The hot dressing used wilts the cabbage somewhat and acts as a marinade, but leaves the shredded cabbage with the perfect amount of crunch so it doesn’t become a soggy mixture, but a vibrant and fresh addition to your menu. Assembled in minutes, the cabbage needs to be chilled for a few hours before serving, so it’s cold and delicious. A simple apple cider vinegar dressing adds the perfect coat of flavor to any cabbage of your liking and makes this mixture a great addition to any meat-heavy meal, but also a wonderful base for other dishes. Combine shredded cabbage or coleslaw mix with the sliced onion.
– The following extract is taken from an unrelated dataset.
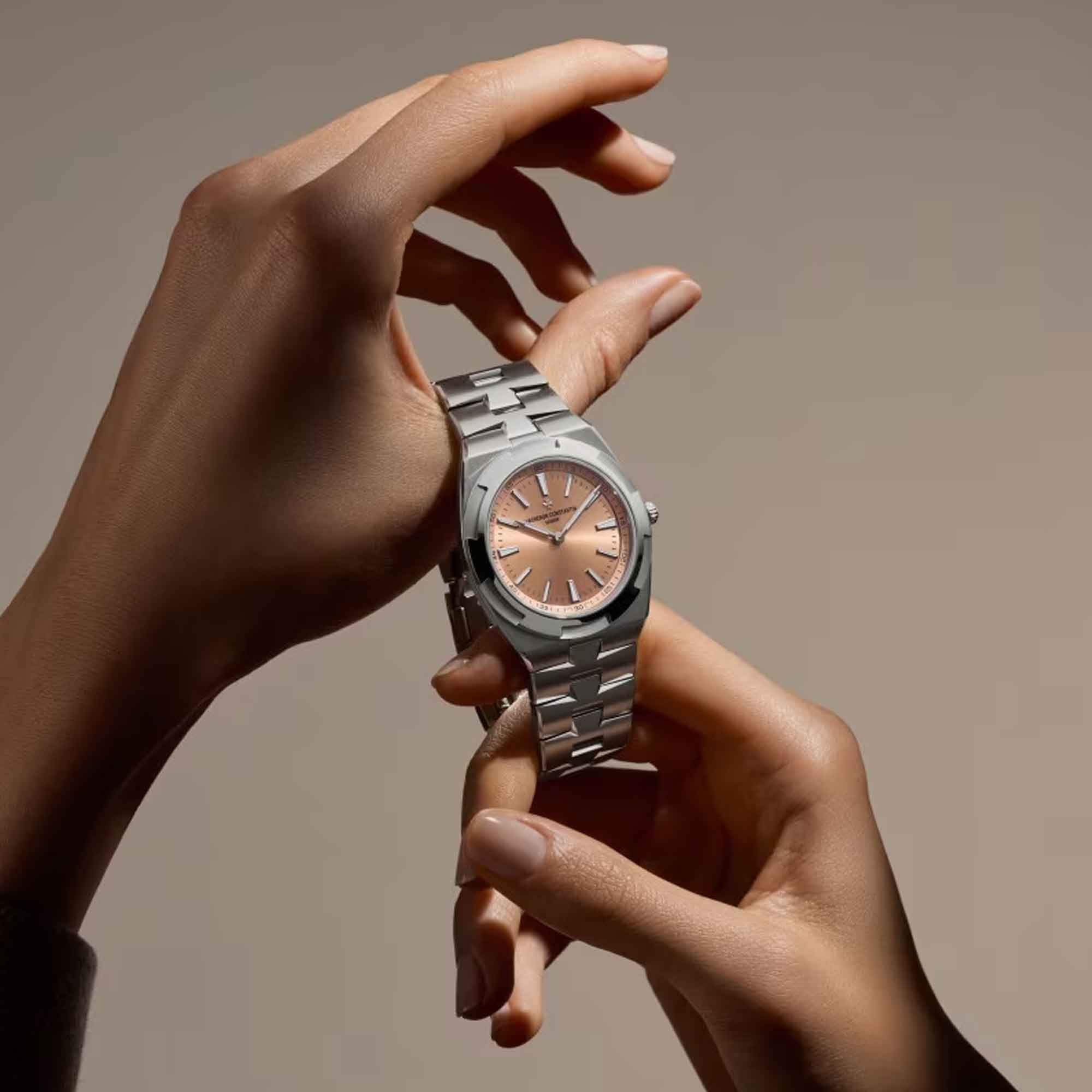 The Overseas self-Winding ultra-thin embodies excellence and exclusivity. This limited edition of 255 pieces is the very first Overseas entirely crafted in 950 platinum. Its 39.5mm case, of rare elegance, houses a salmon-colored dial with the collection's emblematic finishes, a shade reserved for this platinum version.

Combine the dressing ingredients in a saucepan and bring to a boil. Pour the hot dressing over the cabbage and toss well to coat. Cool the coleslaw slightly, cover, and then refrigerate until serving time.

Add shredded carrots, thinly sliced celery, or thinly sliced green apples. As the apples might oxidate quickly, add them last, right before serving. 4 cup of thinly sliced radish. Add about 1 cup of shredded red cabbage to the coleslaw.